EXERCISE INPUTS section start
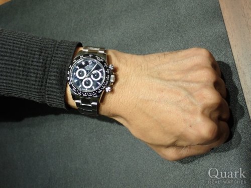 M様 この度はクォーク名古屋駅店をご利用頂き、誠にありがとうございます。念願のRef.116500LNですね!私も新作が気になりますが、やはり旧作のベゼルデザインを好まれるお客様は多いですね。機能性・デザイン・ステイタスのどれをとっても素晴らしい1本になりますので、永くご愛用頂ければ幸いです。私も名古屋駅店におりますので、またお時間がございましたら、お気軽にお立ち寄り下さい。引き続きご愛顧の程、宜しくお願い申し上げます。
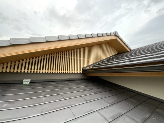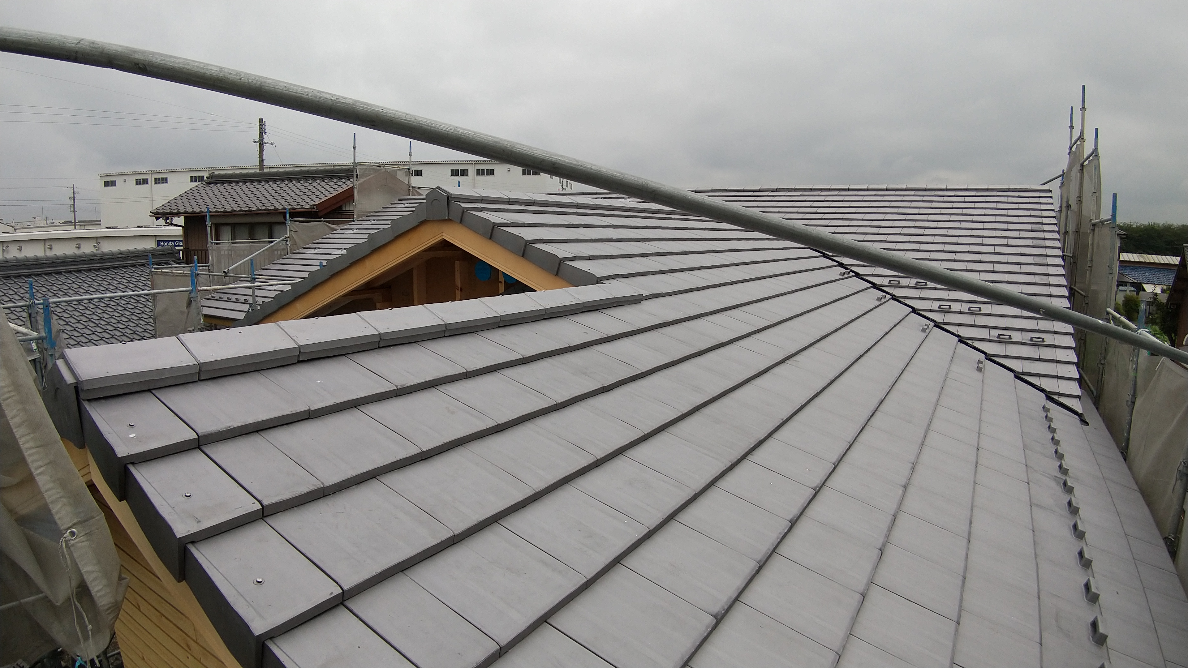 i様のお宅は平板いぶし瓦です。いぶし瓦は、高温で焼き上げ、燻化される事により銀色の炭素膜で覆われた瓦です。年月を経ると色ムラができ、それがまた素敵です。無垢材と共に経年変化を楽しんでいただけます。
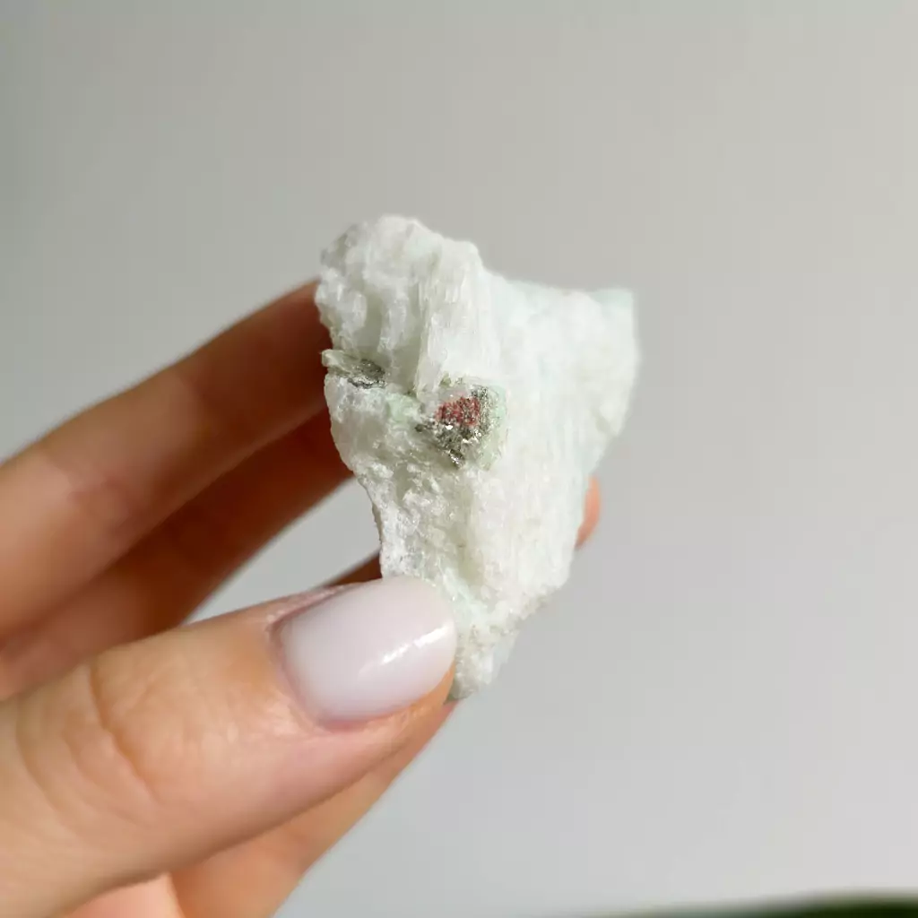 Amazonit z rubelitem i fuchsytem - surowa bryłka o wadze 83 g.
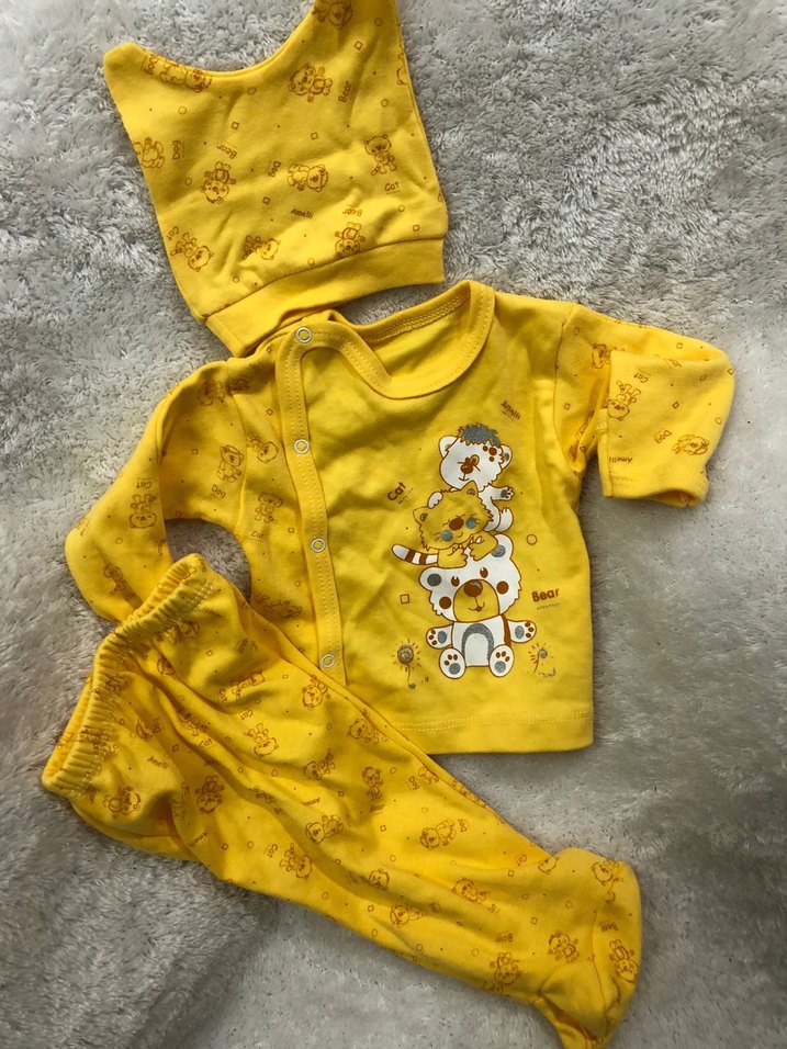 Sarı renkli, uzun kollu, bisiklet yaka bebek takımı. Renkli baskılı ve örme dokulu, yumuşak ve sıcak kumaştan üretilmiştir.
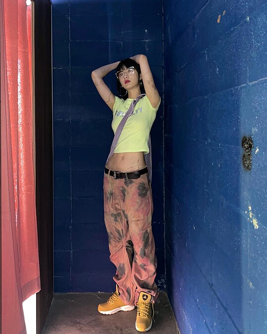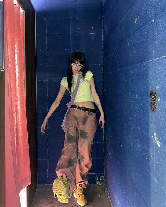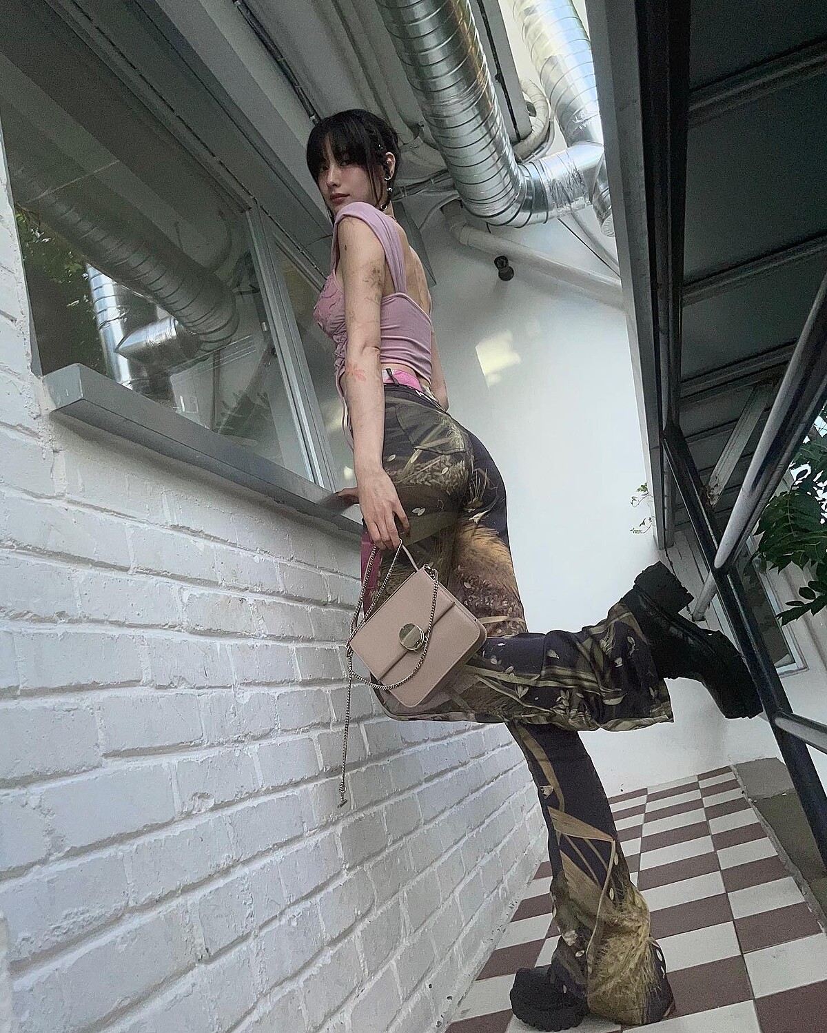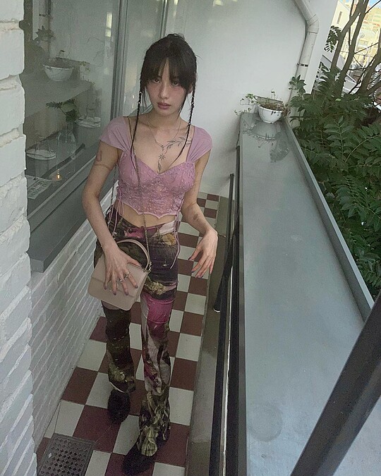 紮染印花帶著明顯的年代感,一個不小心搭配不當或是沒挑好印花設計,造型就容易看起來不知所云。建議可以像Nana從印花中挑其一顏色當作搭配色,像下圖的貼身喇叭褲,Nana選了嫩粉色的上衣+藕粉色的包包與之呼應,看起來就相當和諧。
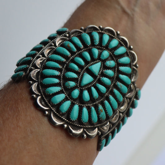 Vintage Large Zuni Sterling Silver Petit Point Turquoise Cuff Bracelet Signed HB
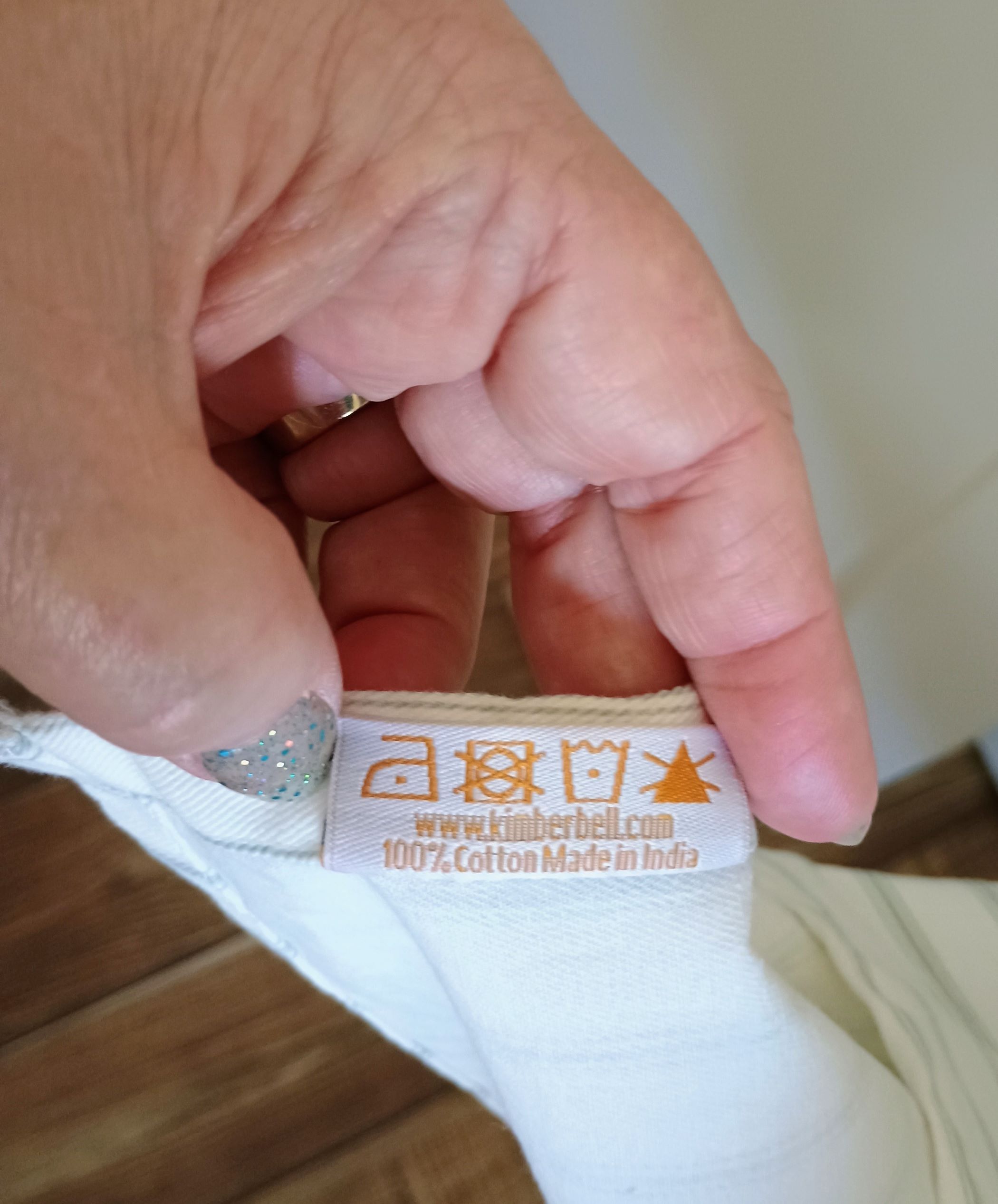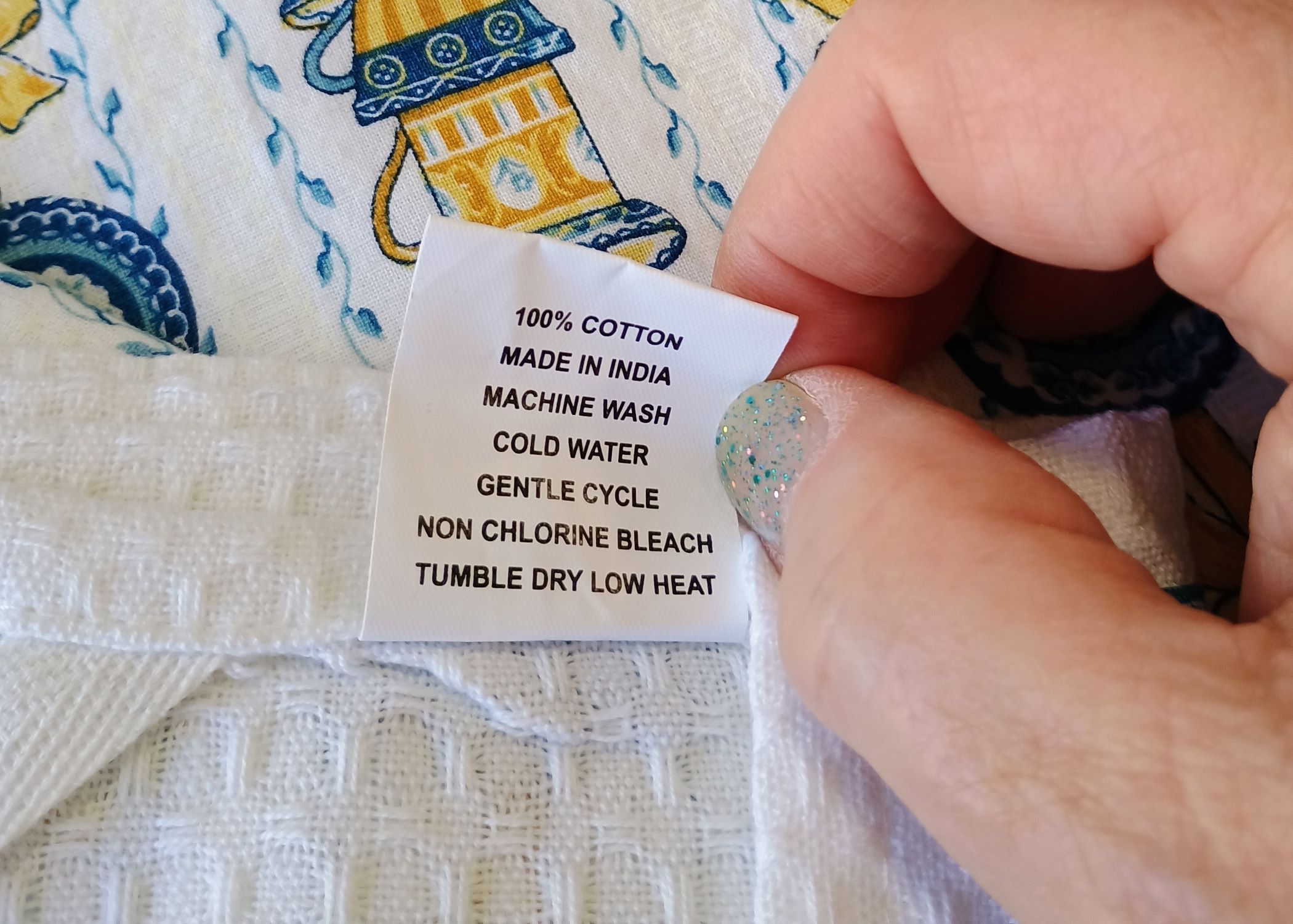 The apron is made from Cotton as shown on the tag. The pocket fabric is colorfast. The bib measures 13” across, while the apron is 30” wide at the waist ties. It is 39” long from the top of the bib to the bottom hemline. See pictures for clarification. I also have the coordinating cotton towel to make a great gift set!
EXERCISE INPUTS section end
PROBLEM DETAILS: An exact copy of the records above is required, leaving out the pictures.

TASK OUTPUT:
 M様 この度はクォーク名古屋駅店をご利用頂き、誠にありがとうございます。念願のRef.116500LNですね!私も新作が気になりますが、やはり旧作のベゼルデザインを好まれるお客様は多いですね。機能性・デザイン・ステイタスのどれをとっても素晴らしい1本になりますので、永くご愛用頂ければ幸いです。私も名古屋駅店におりますので、またお時間がございましたら、お気軽にお立ち寄り下さい。引き続きご愛顧の程、宜しくお願い申し上げます。
 i様のお宅は平板いぶし瓦です。いぶし瓦は、高温で焼き上げ、燻化される事により銀色の炭素膜で覆われた瓦です。年月を経ると色ムラができ、それがまた素敵です。無垢材と共に経年変化を楽しんでいただけます。
 Amazonit z rubelitem i fuchsytem - surowa bryłka o wadze 83 g.
 Sarı renkli, uzun kollu, bisiklet yaka bebek takımı. Renkli baskılı ve örme dokulu, yumuşak ve sıcak kumaştan üretilmiştir.
 紮染印花帶著明顯的年代感,一個不小心搭配不當或是沒挑好印花設計,造型就容易看起來不知所云。建議可以像Nana從印花中挑其一顏色當作搭配色,像下圖的貼身喇叭褲,Nana選了嫩粉色的上衣+藕粉色的包包與之呼應,看起來就相當和諧。
 Vintage Large Zuni Sterling Silver Petit Point Turquoise Cuff Bracelet Signed HB
 The apron is made from Cotton as shown on the tag. The pocket fabric is colorfast. The bib measures 13” across, while the apron is 30” wide at the waist ties. It is 39” long from the top of the bib to the bottom hemline. See pictures for clarification. I also have the coordinating cotton towel to make a great gift set!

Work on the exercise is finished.